> _TASK STATEMENT_
Take the material below and output exactly the run of lines from the one containing "焼きたての最高の状態を見極め" down to the one containing "- Elegant and", with both included.

####################

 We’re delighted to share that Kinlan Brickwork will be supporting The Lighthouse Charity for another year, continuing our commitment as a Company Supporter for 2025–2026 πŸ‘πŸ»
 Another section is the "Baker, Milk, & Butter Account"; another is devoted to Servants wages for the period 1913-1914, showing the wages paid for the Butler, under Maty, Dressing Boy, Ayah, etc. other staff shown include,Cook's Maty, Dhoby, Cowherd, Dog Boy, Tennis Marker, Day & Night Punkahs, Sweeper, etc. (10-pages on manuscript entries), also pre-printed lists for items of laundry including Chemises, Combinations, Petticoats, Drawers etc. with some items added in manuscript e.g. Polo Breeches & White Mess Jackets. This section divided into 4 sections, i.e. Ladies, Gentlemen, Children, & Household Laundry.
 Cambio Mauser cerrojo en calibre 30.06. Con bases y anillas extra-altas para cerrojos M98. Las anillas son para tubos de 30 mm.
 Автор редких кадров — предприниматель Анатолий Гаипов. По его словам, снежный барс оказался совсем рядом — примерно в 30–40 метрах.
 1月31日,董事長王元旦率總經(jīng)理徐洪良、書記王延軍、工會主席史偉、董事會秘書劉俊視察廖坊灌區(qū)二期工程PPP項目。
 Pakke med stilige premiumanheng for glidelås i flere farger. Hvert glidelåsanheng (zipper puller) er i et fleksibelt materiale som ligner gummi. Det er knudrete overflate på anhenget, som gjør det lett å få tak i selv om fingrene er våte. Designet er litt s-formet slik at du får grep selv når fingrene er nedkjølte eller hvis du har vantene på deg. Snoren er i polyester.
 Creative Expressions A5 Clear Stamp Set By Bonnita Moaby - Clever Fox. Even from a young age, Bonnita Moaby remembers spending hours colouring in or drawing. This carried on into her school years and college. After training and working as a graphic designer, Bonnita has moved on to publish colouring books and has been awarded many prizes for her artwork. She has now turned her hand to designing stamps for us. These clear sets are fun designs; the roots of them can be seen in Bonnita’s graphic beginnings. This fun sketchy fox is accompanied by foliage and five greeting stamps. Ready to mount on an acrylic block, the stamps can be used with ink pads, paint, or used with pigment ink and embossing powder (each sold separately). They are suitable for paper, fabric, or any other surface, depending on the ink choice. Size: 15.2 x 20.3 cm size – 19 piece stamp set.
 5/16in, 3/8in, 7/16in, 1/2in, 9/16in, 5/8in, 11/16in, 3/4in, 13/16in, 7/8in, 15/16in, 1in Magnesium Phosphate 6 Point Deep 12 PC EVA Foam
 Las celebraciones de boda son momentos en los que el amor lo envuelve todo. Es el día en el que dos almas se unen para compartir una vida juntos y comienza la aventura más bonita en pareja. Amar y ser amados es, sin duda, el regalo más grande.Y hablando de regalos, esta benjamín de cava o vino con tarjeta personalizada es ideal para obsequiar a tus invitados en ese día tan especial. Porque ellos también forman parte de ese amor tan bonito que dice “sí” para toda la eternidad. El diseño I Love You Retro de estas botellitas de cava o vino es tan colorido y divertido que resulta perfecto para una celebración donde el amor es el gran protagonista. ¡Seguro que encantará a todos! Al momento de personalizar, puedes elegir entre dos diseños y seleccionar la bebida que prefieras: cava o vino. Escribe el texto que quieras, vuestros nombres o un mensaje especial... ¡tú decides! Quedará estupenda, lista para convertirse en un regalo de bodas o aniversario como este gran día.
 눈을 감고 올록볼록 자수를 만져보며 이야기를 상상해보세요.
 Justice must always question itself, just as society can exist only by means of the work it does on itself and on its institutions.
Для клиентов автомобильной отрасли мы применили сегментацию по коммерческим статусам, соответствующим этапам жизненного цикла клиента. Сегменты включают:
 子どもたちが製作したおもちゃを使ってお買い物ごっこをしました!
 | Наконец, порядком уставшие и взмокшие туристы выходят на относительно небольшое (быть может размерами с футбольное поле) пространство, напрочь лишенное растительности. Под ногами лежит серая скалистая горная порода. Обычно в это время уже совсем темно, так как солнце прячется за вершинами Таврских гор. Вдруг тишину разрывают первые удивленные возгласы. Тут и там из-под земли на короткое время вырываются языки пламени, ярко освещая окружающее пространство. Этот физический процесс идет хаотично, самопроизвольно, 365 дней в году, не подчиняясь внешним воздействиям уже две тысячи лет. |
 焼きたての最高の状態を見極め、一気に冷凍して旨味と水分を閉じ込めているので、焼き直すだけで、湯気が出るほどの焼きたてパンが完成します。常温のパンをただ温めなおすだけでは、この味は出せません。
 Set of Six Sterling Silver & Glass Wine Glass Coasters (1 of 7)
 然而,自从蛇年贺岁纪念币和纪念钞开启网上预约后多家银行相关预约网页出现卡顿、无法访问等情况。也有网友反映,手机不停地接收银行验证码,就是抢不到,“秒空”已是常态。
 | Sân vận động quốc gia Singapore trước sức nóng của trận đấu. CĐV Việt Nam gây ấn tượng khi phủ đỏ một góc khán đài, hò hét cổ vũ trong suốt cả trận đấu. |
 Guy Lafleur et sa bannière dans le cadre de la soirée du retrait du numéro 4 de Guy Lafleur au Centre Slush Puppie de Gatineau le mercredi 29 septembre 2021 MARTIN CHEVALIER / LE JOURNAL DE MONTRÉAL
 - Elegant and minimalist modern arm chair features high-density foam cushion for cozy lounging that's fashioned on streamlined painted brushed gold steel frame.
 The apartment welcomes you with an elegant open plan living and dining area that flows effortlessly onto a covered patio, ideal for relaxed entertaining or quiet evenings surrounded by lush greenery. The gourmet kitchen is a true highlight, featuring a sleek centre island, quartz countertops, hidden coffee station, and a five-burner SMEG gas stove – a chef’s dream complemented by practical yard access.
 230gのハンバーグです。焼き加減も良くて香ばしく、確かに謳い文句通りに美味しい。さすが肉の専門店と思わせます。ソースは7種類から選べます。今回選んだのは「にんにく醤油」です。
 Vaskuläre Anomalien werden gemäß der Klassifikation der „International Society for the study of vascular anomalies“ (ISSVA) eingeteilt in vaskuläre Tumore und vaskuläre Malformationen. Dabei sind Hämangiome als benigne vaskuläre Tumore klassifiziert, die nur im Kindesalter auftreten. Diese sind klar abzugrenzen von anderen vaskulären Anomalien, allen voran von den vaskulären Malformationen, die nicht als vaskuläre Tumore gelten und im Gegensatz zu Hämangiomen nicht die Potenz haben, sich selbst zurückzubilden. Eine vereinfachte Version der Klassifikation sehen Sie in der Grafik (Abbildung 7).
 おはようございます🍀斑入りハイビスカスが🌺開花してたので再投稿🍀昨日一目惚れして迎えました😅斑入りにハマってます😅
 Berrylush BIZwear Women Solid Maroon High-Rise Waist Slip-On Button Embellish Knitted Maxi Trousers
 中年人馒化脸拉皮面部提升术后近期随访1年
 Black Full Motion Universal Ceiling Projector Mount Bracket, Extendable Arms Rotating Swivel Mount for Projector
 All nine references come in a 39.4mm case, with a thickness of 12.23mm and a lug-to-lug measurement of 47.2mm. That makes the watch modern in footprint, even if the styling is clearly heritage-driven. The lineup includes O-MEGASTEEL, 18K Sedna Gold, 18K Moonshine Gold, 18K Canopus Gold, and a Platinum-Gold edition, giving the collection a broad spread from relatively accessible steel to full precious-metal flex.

####################

> _RESULT_
 焼きたての最高の状態を見極め、一気に冷凍して旨味と水分を閉じ込めているので、焼き直すだけで、湯気が出るほどの焼きたてパンが完成します。常温のパンをただ温めなおすだけでは、この味は出せません。
 Set of Six Sterling Silver & Glass Wine Glass Coasters (1 of 7)
 然而,自从蛇年贺岁纪念币和纪念钞开启网上预约后多家银行相关预约网页出现卡顿、无法访问等情况。也有网友反映,手机不停地接收银行验证码,就是抢不到,“秒空”已是常态。
 | Sân vận động quốc gia Singapore trước sức nóng của trận đấu. CĐV Việt Nam gây ấn tượng khi phủ đỏ một góc khán đài, hò hét cổ vũ trong suốt cả trận đấu. |
 Guy Lafleur et sa bannière dans le cadre de la soirée du retrait du numéro 4 de Guy Lafleur au Centre Slush Puppie de Gatineau le mercredi 29 septembre 2021 MARTIN CHEVALIER / LE JOURNAL DE MONTRÉAL
 - Elegant and minimalist modern arm chair features high-density foam cushion for cozy lounging that's fashioned on streamlined painted brushed gold steel frame.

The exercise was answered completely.